Yes, the initial plan is to maintain ordering within a circuit. Although, even this is not strictly necessary if the application wishes to handle out of order packets. For example, a web server could theoretically handle requests for different resources in any order. But that's a different story.
Yes, we are aware of TCP-over-DTLS and Defenestrator. I'm not familiar with PCTCP. I'll read up on that.
What you're saying about HOL blocking in the output queue for a relay makes sense if the receive window fills up, but I didn't explain how uTCP actually works. uTCP (and paired with uTLS) is a kernel patch that will expose to the application (in this case, Tor) segments that have arrived even if they are NOT the next logical segments in the stream. uTCP breaks TCP's delivery semantics, without affecting the on-the-wire protocol. Thus, it prevents HOL blocking from occurring in the TCP receive buffer. Now, it should be clear why the queue is important: I need to keep unordered cells in the queue if they are out of order within a circuit, but if they are the "next expected cell" for its circuit, then I can process it, regardless of whether it came in order or out of order from TCP.
I'm implementing this by changing the wire format to include a sequence number for each cell. The sequence number increments within a circuit. The receiver increments its "expected" sequence number with each in order arrival within a circuit.
It makes sense why the code is written as it is to process cells immediately, since, as you point out, the HOL issue has already been resolved by the time it gets to Tor. I was really just trying to manually inject some cell reordering to test Tor's ability to handle cells from different circuits out-of-order with respect to how TCP delivered them. But I'll skip this testing step and go to the next one, which is just running it atop uTCP/uTLS directly and using the incoming_queue to hold cells as needed. I'll have to change a bit more of the code, particularly the asserts that the incoming_queue is empty after a call to channel_process_cells(…).
If you have any other thoughts on this issue, please send them along. I appreciate your insight.
Regards,
Fitz
On May 4, 2013, at 9:05 AM, Ian Goldberg iang@cs.uwaterloo.ca wrote:
On Thu, May 02, 2013 at 10:58:54AM -0400, MF Nowlan wrote:
I am working on integrating uTCP and uTLS ( http://arxiv.org/abs/1103.0463) into Tor to see if we can lower the latency due to head of line blocking across circuits.

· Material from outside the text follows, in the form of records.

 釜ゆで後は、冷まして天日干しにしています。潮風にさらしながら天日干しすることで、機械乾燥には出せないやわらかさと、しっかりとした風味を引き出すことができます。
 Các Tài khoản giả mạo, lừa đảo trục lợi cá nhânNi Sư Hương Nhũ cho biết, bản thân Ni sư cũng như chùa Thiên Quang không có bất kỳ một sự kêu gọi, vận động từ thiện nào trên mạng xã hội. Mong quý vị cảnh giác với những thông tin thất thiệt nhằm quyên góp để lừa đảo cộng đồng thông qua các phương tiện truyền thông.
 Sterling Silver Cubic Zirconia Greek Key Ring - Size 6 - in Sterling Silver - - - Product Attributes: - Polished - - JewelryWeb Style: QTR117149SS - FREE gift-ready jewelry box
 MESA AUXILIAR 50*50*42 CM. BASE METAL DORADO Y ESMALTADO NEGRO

You have to be careful to preserve cell ordering *within* circuits, of course.
[Do you know about TCP-over-DTLS and PCTCP?]

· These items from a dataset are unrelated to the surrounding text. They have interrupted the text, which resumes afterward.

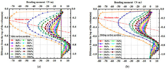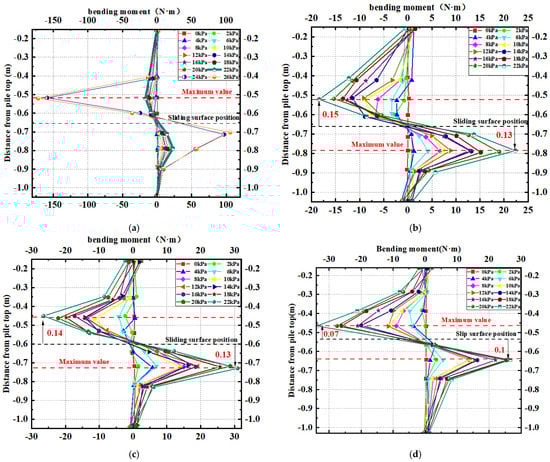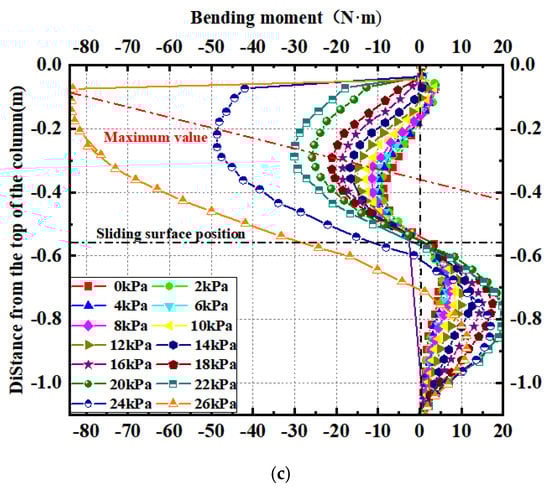 As shown in Figure 11, the bending-moment distribution curves of each row of micropiles are presented (with the convention that the tension on the pile body facing the sliding side is positive). Figure 11a shows the bending-moment distribution curve of the #2 pile in the front row, which reveals that the bending moment of the micropile significantly increases after surpassing the critical failure load, and its value is much greater than the maximum bending moment at the critical load of 22 kPa. In order to avoid the influence of the latter two loading conditions on the analysis of the bending-moment distribution of the micropiles, the subsequent data processing removes the loading conditions of 24 kPa and 26 kPa temporarily and only analyzes the conditions before the critical failure load.
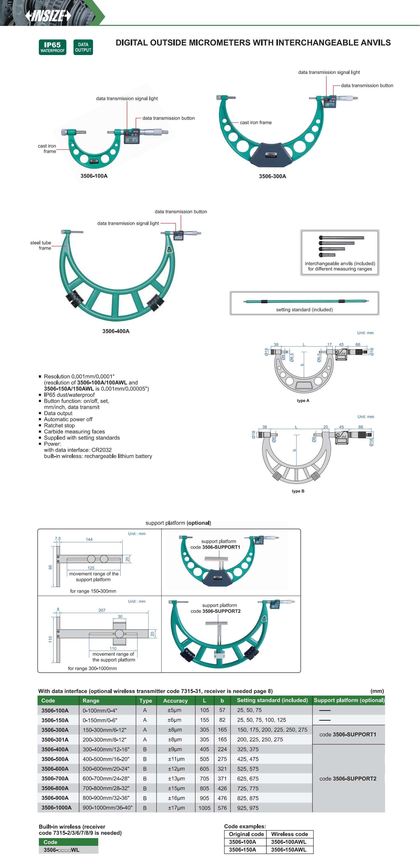 Digital Outside Micrometers With Interchangeable Anvils
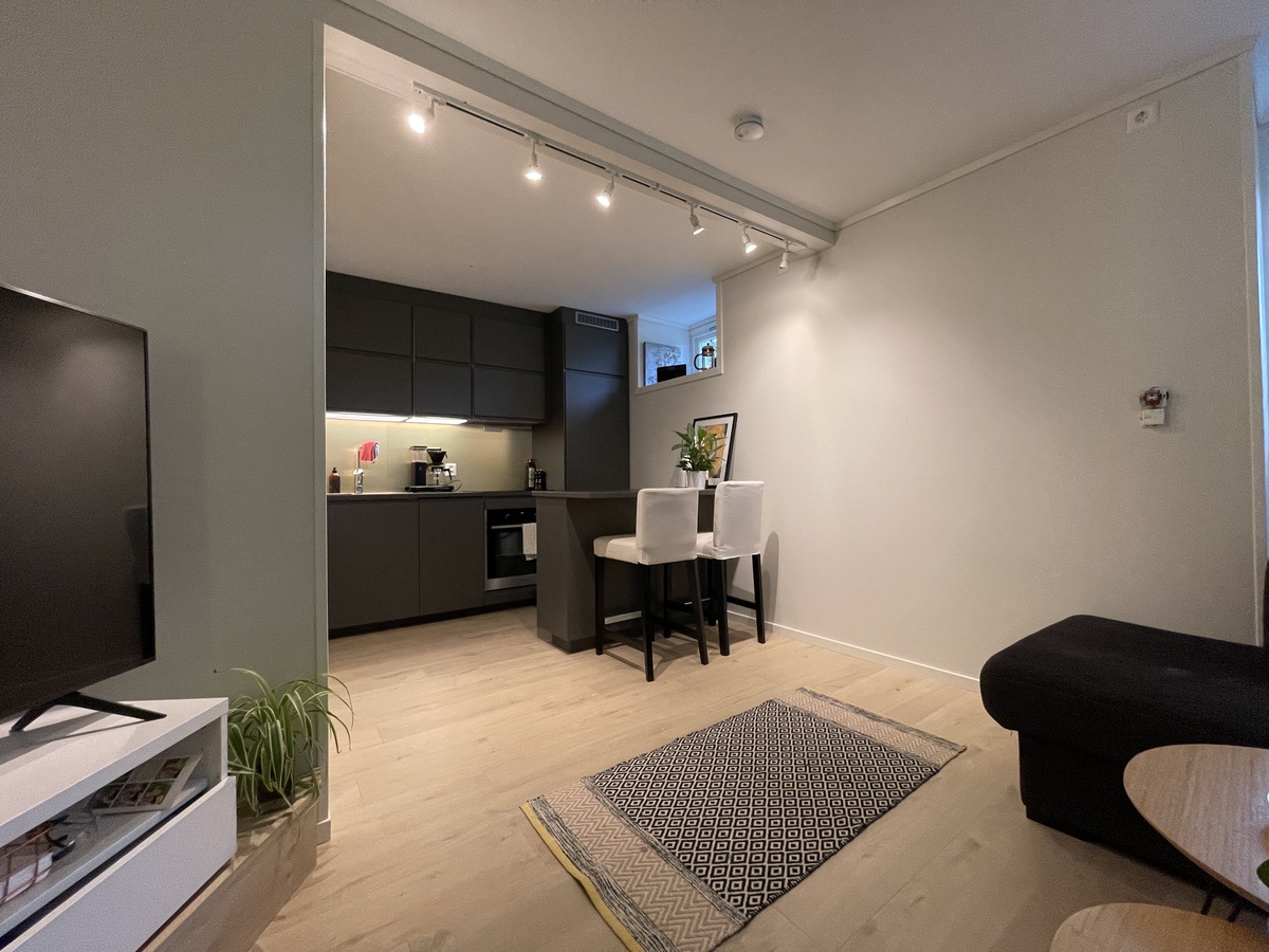 PS. Vi har ikke bilde av soverommet pga at vi har leietakere som bor der nå. Soverommet er på ca 10 kvm og har samme standard som resten av leiligheten (lyse gulv og vegger).

- Now, look for case when two cells from different circuits are
present in the incoming_queue and process the second cell before the first cell. channel_process_cells(...) { ... while (NULL != (q = TOR_SIMPLEQ_FIRST(&chan->incoming_queue))) { // Remove q from the incoming_queue. // if the queue is still not empty, get the next one, // if the circuit ids do not match, Swap the cells. } ... }
My problem is that number 2. above never occurs. I have not observed a case where the incoming_queue ever has two cells from different circuits. In fact, I don't think I've ever had a time when the incoming_queue has more than 1 cell in it. I am hammering a small tor test network with 30+ curl requests at once. I have two proxies, each of them uses the same entry node, and the same exit node, and there is only one other node in the network, so the circuit that is set up should be the same for every single request. Am I missing something? Will this function (channel_process_cells) ever process more than one cell at a time? I've checked the logs to verify that different circuits are actually set up for the different requests (rather than the Proxies just reusing the existing circuit and giving each new request a new stream id).

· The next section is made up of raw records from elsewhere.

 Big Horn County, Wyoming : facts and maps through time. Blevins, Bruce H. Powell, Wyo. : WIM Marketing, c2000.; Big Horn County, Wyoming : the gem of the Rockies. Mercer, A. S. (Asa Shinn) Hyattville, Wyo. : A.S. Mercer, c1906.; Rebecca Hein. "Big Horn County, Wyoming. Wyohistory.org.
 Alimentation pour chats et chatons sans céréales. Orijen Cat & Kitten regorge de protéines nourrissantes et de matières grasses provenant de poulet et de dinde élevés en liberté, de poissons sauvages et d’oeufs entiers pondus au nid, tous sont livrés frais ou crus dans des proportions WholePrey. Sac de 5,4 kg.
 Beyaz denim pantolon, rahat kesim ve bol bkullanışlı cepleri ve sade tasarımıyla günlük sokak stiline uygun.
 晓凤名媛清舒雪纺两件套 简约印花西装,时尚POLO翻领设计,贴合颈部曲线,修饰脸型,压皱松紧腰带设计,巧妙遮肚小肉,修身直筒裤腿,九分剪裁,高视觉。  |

I'm not very familiar with the new channel code, unfortunately (it's on our "todo" list to port TCP-over-DTLS and/or PCTCP to channels, though). But at least in the pre-channel code, the input queues would indeed almost always be empty. Any why wouldn't they be? As soon as TLS reports a cell has arrived, you should be able to process it immediately. Where the HOL blocking occurs is in the Tor *output* queue on the sending side and/or the TCP receive buffer on the receiving side. If a IP packet containing (...TCP...TLS...) a cell gets dropped, all future data on that connection will get stalled in the TCP receive buffer (if the window is open) or the Tor output queue (if the window is closed). Once it gets delivered to Tor, then the stall has already been resolved.